# Small Soap Batch



## linbee (Jul 7, 2010)

Does anyone have a recipe for a small, experimental type batch of soap - only 3-5 bars? I found one in an old 2008 post, but it calls for almond oil, which I have had no luck finding locally. Could I substitute any other type of oil?


----------



## MF-Alpines (Mar 29, 2010)

Linda,

How many oz are those 3 - 5 bars?

You can use whatever you've been using, just do the math.

Let's say your bars are 5 oz/bar. You want 5 bars. So you're batch is 25 oz of oils. For the recipe you are using, take each fat/oil's weight and divide that by the total weight of the oils. That will be your multiplier. You would then multiply that number x 25 oz.

Take the walmart recipe. As written, lard = 64 oz, coconut = 31.5 oz, and sunflower oil = 16.5 oz. Total = 112 oz. 64/112 = .5714. .5714 x 25 = 14.285. 31.5/112 = .2813. .2813 x 25 = 7.0325. 16.5/112 = .1473. .1473 x 25 = 3.6825. There's your batch.

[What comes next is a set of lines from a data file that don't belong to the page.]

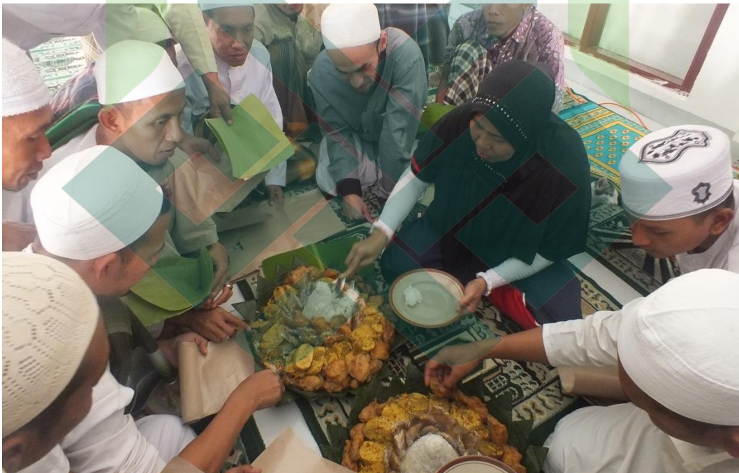
Gb. 8. Guna menarik minat narapidana untuk mengikuti Program Ponpes, pihak Lapas Pekalongan sesekali mengadakan makan bersama di masjid.
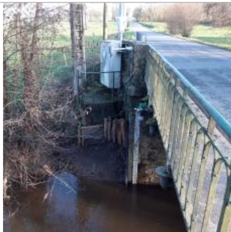
Station Vigicrues de la Flume à Pacé
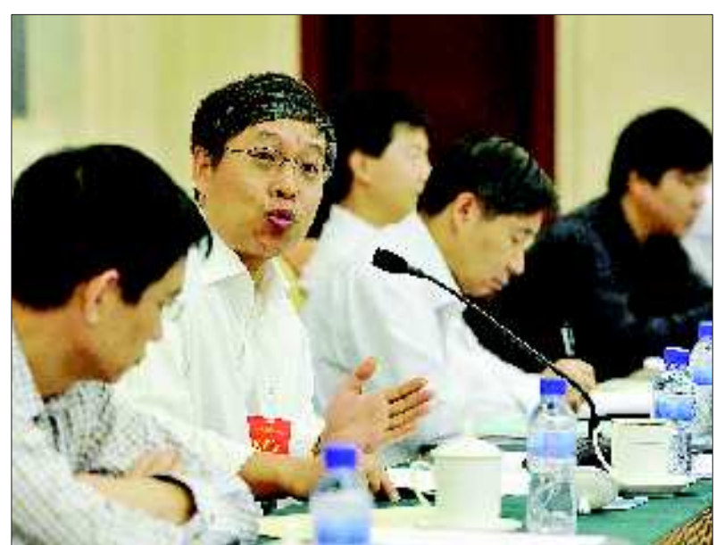
分组讨论中,代表们各抒己见。

“领导干部怎样加强道德建设”、“青少年道德教育陷入困局”、“企业诚信缺失怎么办”……9月21日上午,在第七届中国公民道德论坛分组讨论现场,由于道德缺失引发的热点问题成为与会代表关注的焦点。
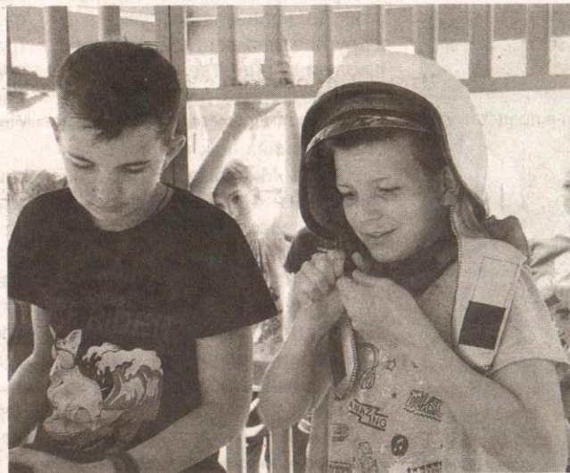
Представляли себя спасателями

опасности таят в себе водоемы и как вести себя детям и взрослым во время пляжного отдыха, чтобы не стать жертвой воды.
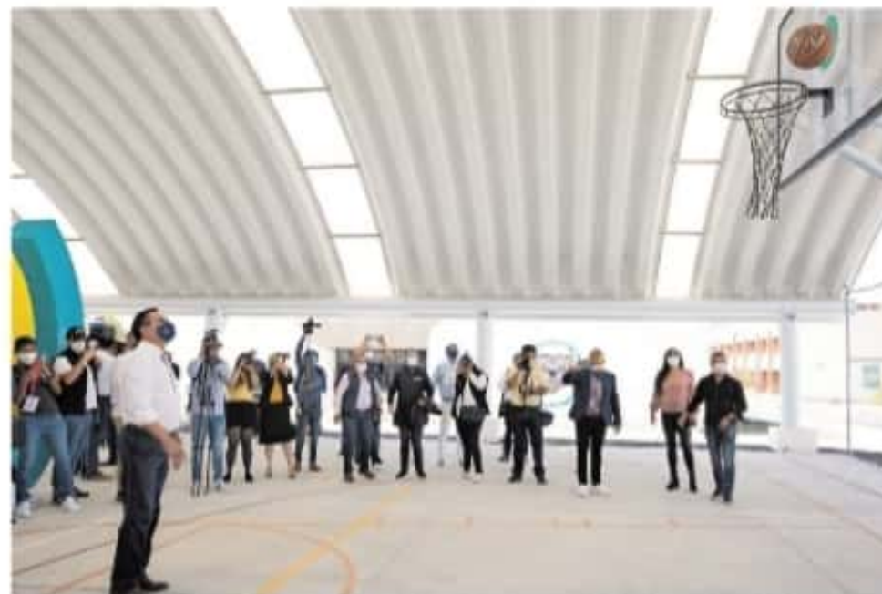
El gobernador Silvano Aureoles Conejo afirmó que mil millones de pesos han sido invertidos en el sector educativo

Aunado a esto, afirmó que la institución fue la primera en crear mil 500 aulas a través de plataformas virtuales por lo cual, aunque se sabe que habrá un recorte presupuestal a las universidades, solicitarán a través de convocatorias el recurso necesario para invertir en programas, puesto que se requiere de equipamiento, emprendimiento e investigación ante la

You can do this with any recipe and recalculate. Also, I think soapcalc will recalculate the quantities if you change your total amount of oils. Or on thesage, if you use % of oils, then change your batch size.

Hope that helps.


----------



## linbee (Jul 7, 2010)

Wow, thanks Cindy for doing the math for me. I hadn't even thought about thesage or soapcalc doing the quantities if I changed the oils. Glad you're here!


----------



## a4patch (Oct 7, 2009)

I am bumping this topic.

Should you include your liquid and lye. Won't that add volume? as well as oz in the finished product. I am considering creating a large batch for the soaps I often run out of. I would like to make a batch that is 320 oz of oil 91.5 GM and 45.7 lye.

Do you include the milk and lye in when determining the size of a mold?

PS I am using this site to help me determine the size of my new mold.

http://soapersmarket.com/info_pages.php?pages_id=23


----------



## JumpinIrish4ever (Mar 11, 2010)

We did not add the lye in but did include the milk when calculating our molds.


----------



## Anita Martin (Dec 26, 2007)

I do find I have to add in oils, milk and lye to be accurate. On thesage, you can enter any recipe and then at the bottom, resize it to whatever size you want. Use water to get an estimate of what your molds will hold and then make your total batch that many ounces.


----------



## a4patch (Oct 7, 2009)

I want to build a mold to match my double batch. I would like to use the oz above. Can I use the caculator above to do this?


----------



## Anita Martin (Dec 26, 2007)

I'm pretty sure the calculator would work for that. I use it all the time for every new mold I use. If a mistake is made, it's because I calculated something wrong...like when I forgot to add in my lye and milk.


----------